Greg Allen

As NPR's Miami correspondent, Greg Allen reports on the diverse issues and developments tied to the Southeast. He covers everything from breaking news to economic and political stories to arts and human interest features. He moved into this role in 2006, after four years as NPR's Midwest correspondent.

Allen was a key part of NPR's coverage of the 2010 earthquake in Haiti, providing some of the first reports on the disaster. He was on the frontlines of NPR's coverage of Hurricane Katrina in 2005, arriving in New Orleans before the storm hit and filing on the chaos and flooding that hit the city as the levees broke. Allen's reporting played an important role in NPR's coverage of the aftermath and the rebuilding of New Orleans, as well as in coverage of the BP oil spill which brought new hardships to the Gulf coast.
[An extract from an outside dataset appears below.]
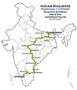The 12577 / 12578 Bagmati Superfast Express is a weekly Superfast Express train from Darbhanga in Bihar to Mysore in Karnataka, a 3036 km long route and it is operated by Indian Railways–East Central Railway zone. It is the only direct train from Mysuru in Karnataka and darbhanga in Bihar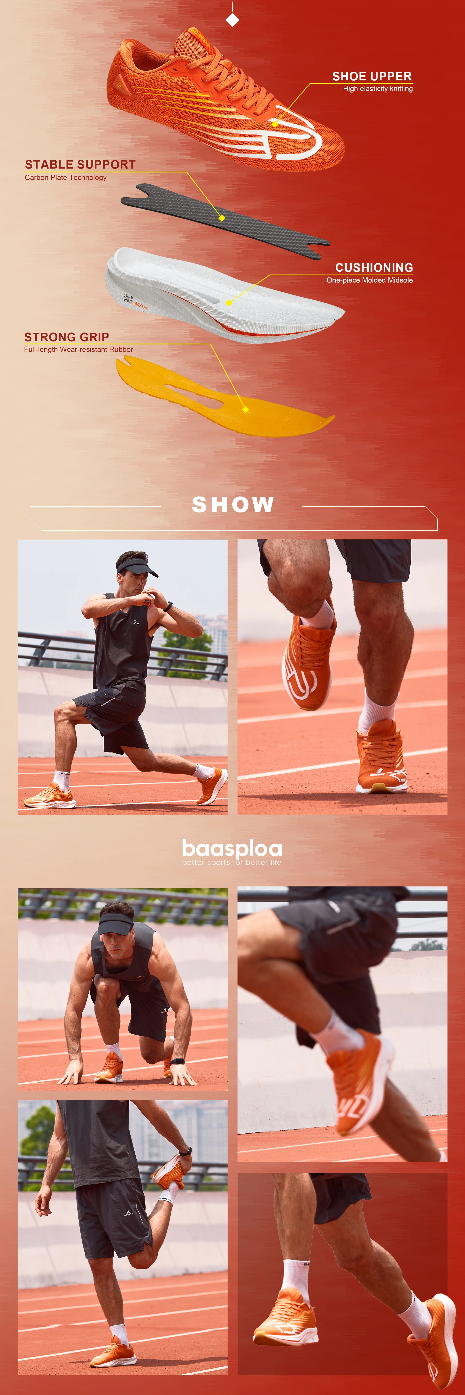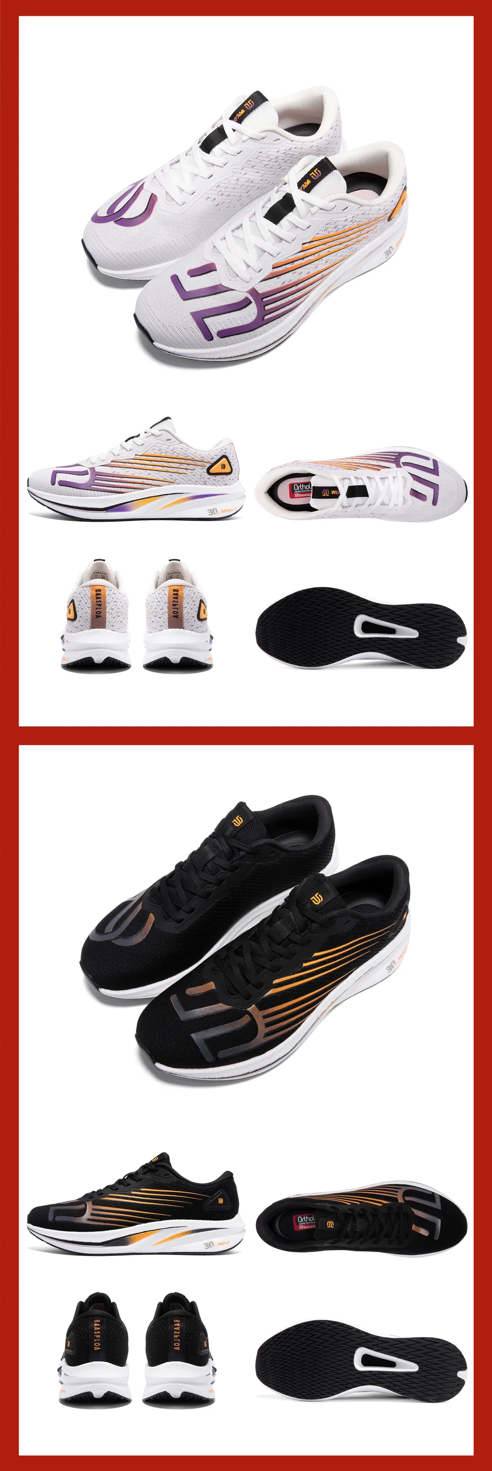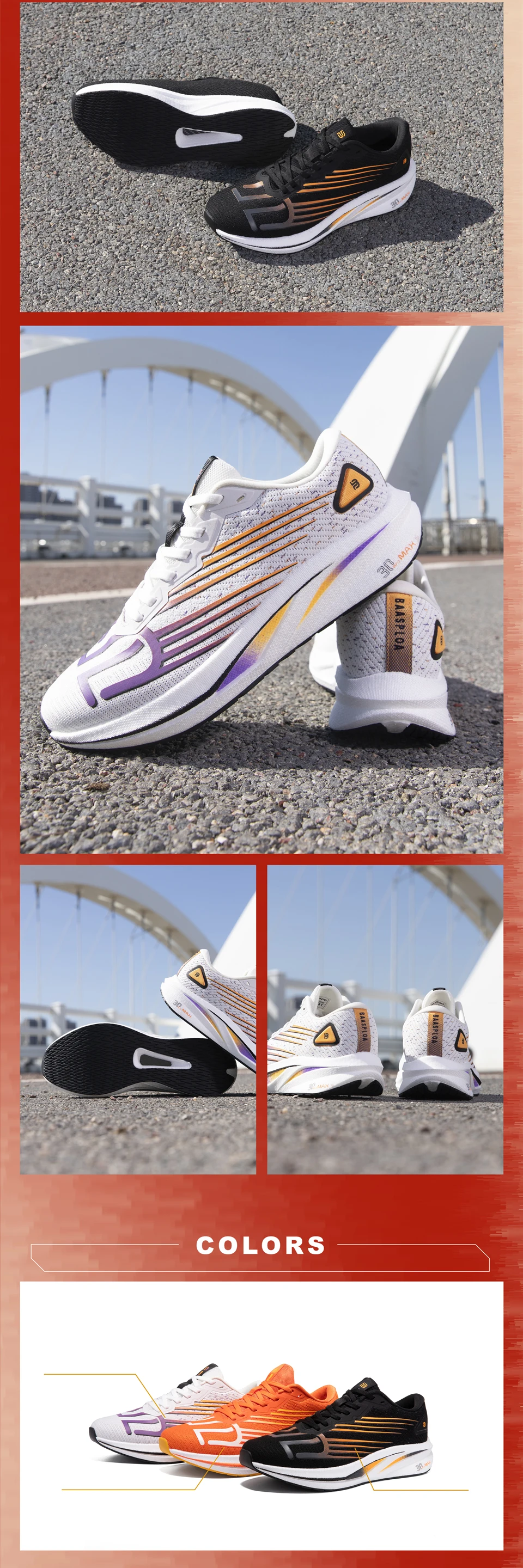 - > Baasploa Men Professional Running Shoes Leve Respirável Jogging Calçados Esportivos Feminino Placa de Carbono Anti-slip Sneakers

As NPR's only correspondent in Florida, Allen covered the dizzying boom and bust of the state's real estate market, the state's important role in the 2008 presidential election and has produced stories highlighting the state's unique culture and natural beauty, from Miami's Little Havana to the Everglades.

Allen has spent more than three decades in radio news, the first ten as a reporter in Ohio and Philadelphia and the last as an editor, producer and reporter at NPR.
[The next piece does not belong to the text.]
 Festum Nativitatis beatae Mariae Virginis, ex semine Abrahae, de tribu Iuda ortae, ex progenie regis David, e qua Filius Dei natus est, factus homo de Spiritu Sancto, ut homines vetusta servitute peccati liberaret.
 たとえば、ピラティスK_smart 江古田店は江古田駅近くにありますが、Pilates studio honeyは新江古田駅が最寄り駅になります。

Before moving into reporting, Allen served as the executive producer of NPR's national daily live call-in show, Talk of the Nation. As executive producer he handled the day-to-day operations of the program as well as developed and produced remote broadcasts with live audiences and special breaking news coverage. He was with Talk of the Nation from 2000 to 2002.
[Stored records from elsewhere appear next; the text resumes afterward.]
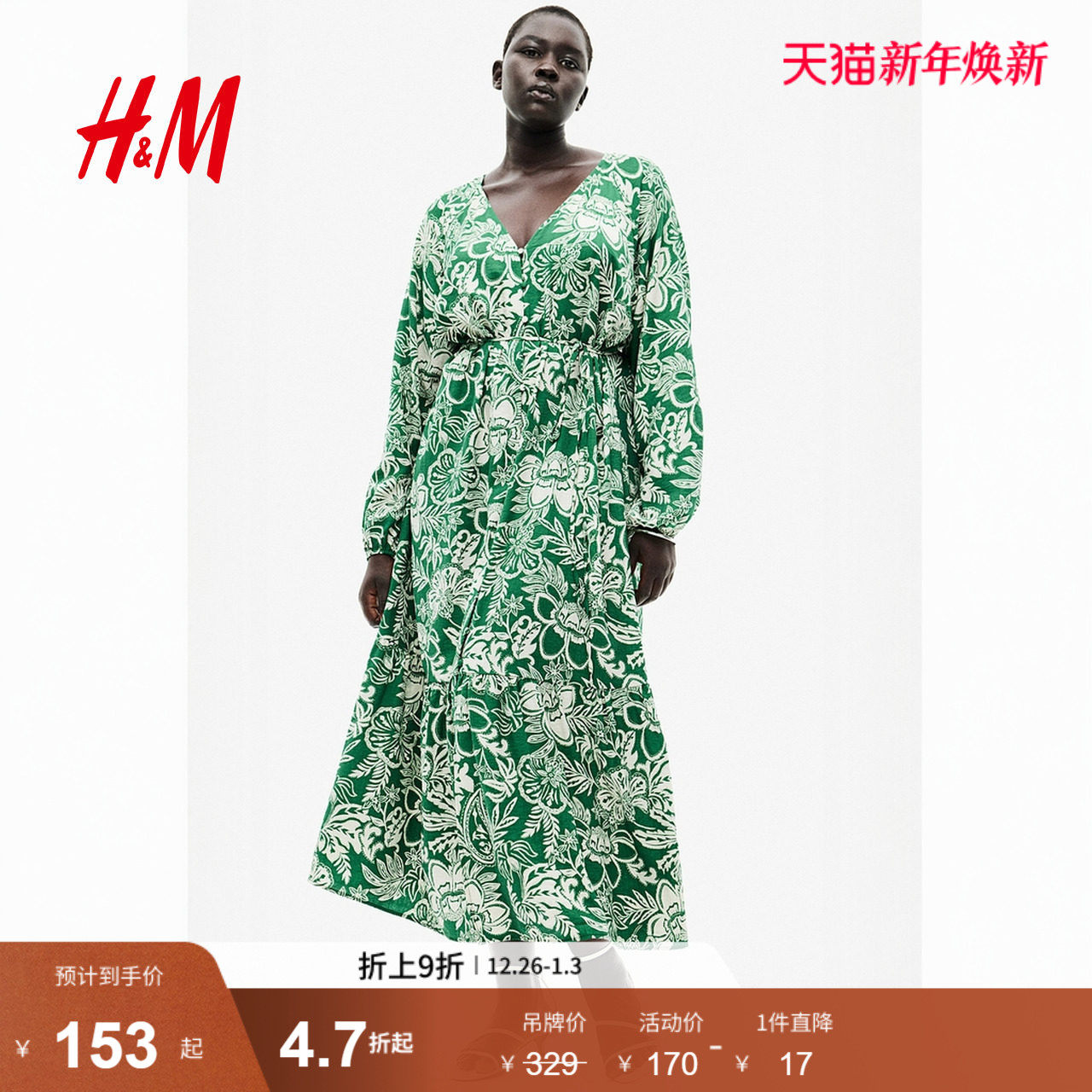 HM女装连衣裙春季宽松V领腰部系带绉织灯笼植物印花长裙1226566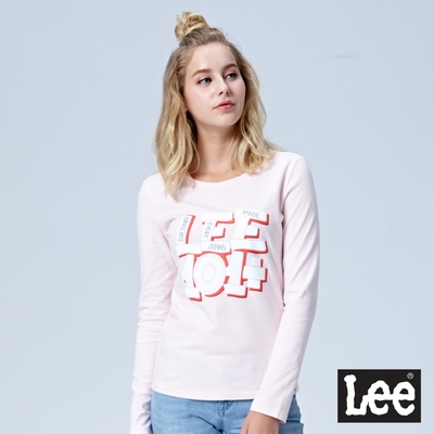 Lee 女款 編織圖案長袖圓領T恤 粉 101+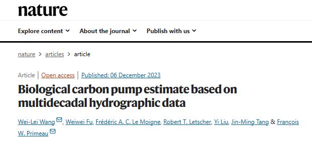 On 7 December, Professor Wang Weilei from theCollege of Ocean and Earth Sciences, Xiamen University, together with domestic and international researchers, published on the latest progress in the field of the oceanic biological carbon pump. The related achievements were published in the leading international journalNature under the title of “Biological carbon pump estimate based on multidecadal hydrographic data”. The study utilizes a self-developed inversion procedure to derive the global distribution of the oceanic biological carbon pump and reveal the important role of advection and diffusion export (including mixed-layer-depth pump, subduction pump, and diffusion export of dissolved organic carbon, etc.) in the global biological carbon pump and the deep ocean carbon budget, which provides an important reference for the estimation of the ocean carbon sink under the background of global change.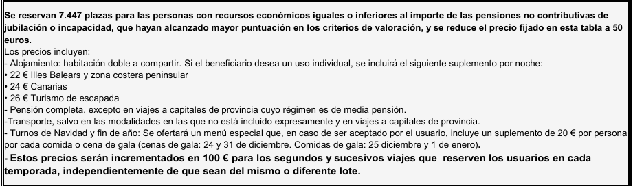 Por tanto, se reservan 7.447 plazas para las personas con recursos económicos iguales o inferiores al importe de las pensiones no contributivas de jubilación o incapacidad, que hayan alcanzado mayor puntuación en los criterios de valoración, y se reduce a 50 euros el precio fijado en la tabla de precios (que veremos más abajo).
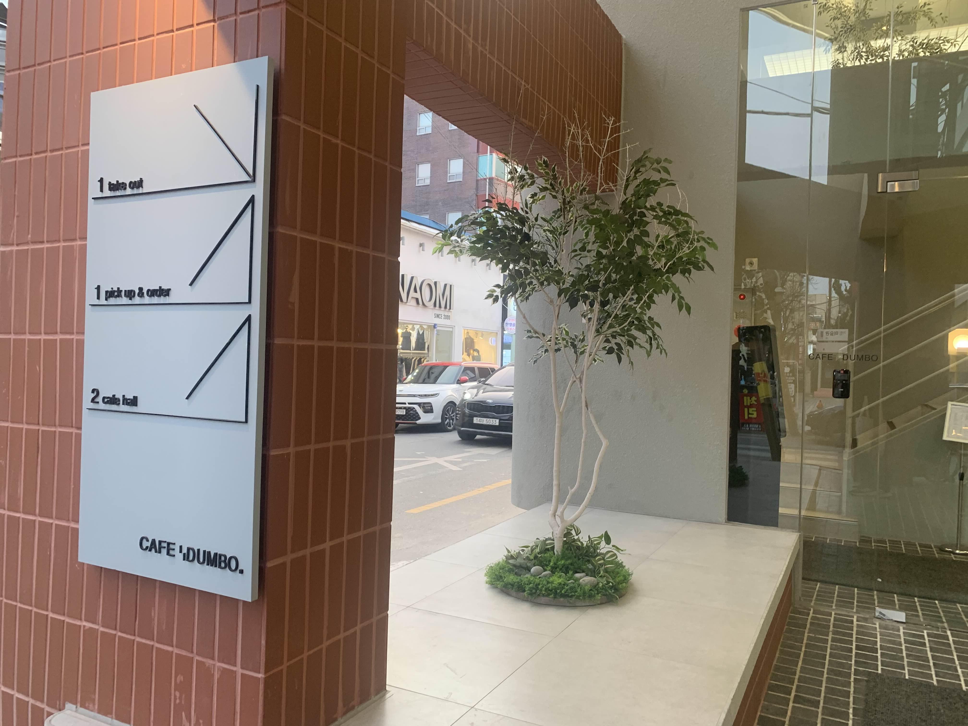 카페의 출입구의 도로가 인도와 차도 구분이 안 되는 공간이라.... 상당히 비좁게 느껴졌는데... 출입구에 필로티를 설치하니, 개방감이 좋아서... 카페 공간이 편하게 느껴지더군요.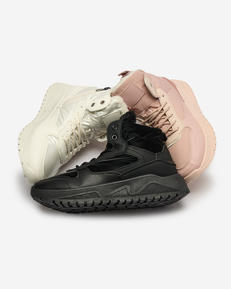 - Sportliche Damensneaker mit einer dickeren Sohle. Schnürobermaterial aus einer Kombination aus Eco-Leder und glattem Stoff. Vollständig mit Fell gefüttert. Perfekt für sportliche Outfits!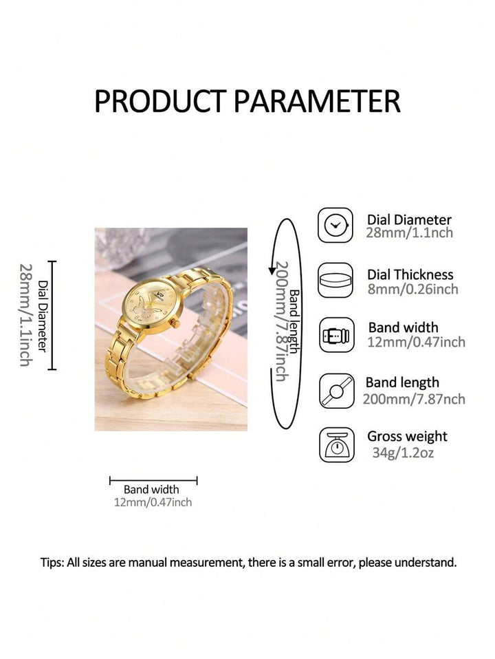 Shein - 5pcs Fashion Simple And Compact Roman Rhinestone Round Needle Gold Steel Band Women's Quartz Watch & Jewelry Set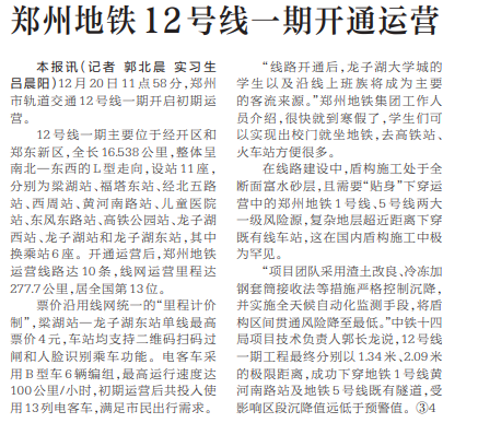 12月20日11点58分,郑州市轨道交通12号线一期开启初期运营。(今日《河南日报》3版)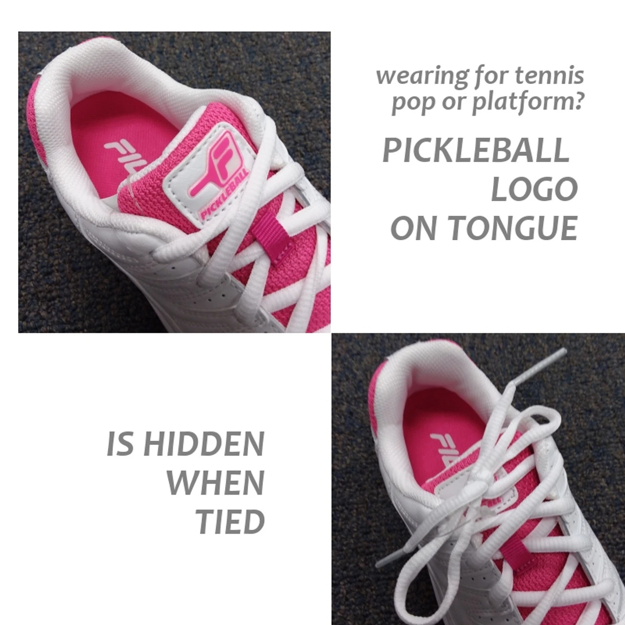 Note: As shown in the photos, this shoe features the word pickleball with a logo of a paddle on the shoe’s tongue. If you are not a fan of that logo, not to worry….once you tie your shoe, the ties sit directly over the paddle logo and it is largely hidden.

Prior to that position, Allen spent three years as a senior editor for NPR's Morning Edition, developing stories and interviews, shaping the program's editorial direction, and supervising the program's staff. In 1993, he started a four year stint as an editor with Morning Edition just after working as Morning Edition's swing editor, providing editorial and production supervision in the early morning hours. Allen also worked for a time as the editor of NPR's National Desk.

Before coming to NPR, Allen was a reporter with NPR member station WHYY-FM in Philadelphia from 1987 to 1990.

His radio career includes serving as the producer of Freedom's Doors Media Project — five radio documentaries on immigration in American cities that was distributed through NPR's Horizons series — frequent freelance work with NPR, Monitor Radio, Voice of America, and WHYY-FM, and work as a reporter/producer of NPR member station WYSO-FM in Yellow Springs, Ohio.

Allen graduated from the University of Pennsylvania in 1977, with a B.A. cum laude. As a student and after graduation, Allen worked at WXPN-FM, the public radio station on campus, as a host and producer for a weekly folk music program that included interviews, features, live and recorded music.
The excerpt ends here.